[Data section]:
○ ○ ○ ○ ○ ○ ○
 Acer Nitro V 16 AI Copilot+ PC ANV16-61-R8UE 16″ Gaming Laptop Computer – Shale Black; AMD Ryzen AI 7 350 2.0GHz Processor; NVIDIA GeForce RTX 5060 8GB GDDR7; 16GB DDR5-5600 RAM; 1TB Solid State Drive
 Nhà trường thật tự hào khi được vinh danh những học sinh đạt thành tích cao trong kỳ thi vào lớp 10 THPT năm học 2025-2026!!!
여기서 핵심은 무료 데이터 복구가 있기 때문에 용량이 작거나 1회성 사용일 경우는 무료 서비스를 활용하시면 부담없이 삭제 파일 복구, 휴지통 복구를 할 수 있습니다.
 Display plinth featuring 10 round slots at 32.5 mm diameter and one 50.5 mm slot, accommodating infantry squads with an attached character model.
○ ○ ○ ○ ○ ○ ○
[Exercise instructions]:
In restating the data, begin at its first line, reproduce each line word for word, and conclude with the line that contains "여기서 핵심은 무료 데이터".

[Solution to this task]:
 Acer Nitro V 16 AI Copilot+ PC ANV16-61-R8UE 16″ Gaming Laptop Computer – Shale Black; AMD Ryzen AI 7 350 2.0GHz Processor; NVIDIA GeForce RTX 5060 8GB GDDR7; 16GB DDR5-5600 RAM; 1TB Solid State Drive
 Nhà trường thật tự hào khi được vinh danh những học sinh đạt thành tích cao trong kỳ thi vào lớp 10 THPT năm học 2025-2026!!!
여기서 핵심은 무료 데이터 복구가 있기 때문에 용량이 작거나 1회성 사용일 경우는 무료 서비스를 활용하시면 부담없이 삭제 파일 복구, 휴지통 복구를 할 수 있습니다.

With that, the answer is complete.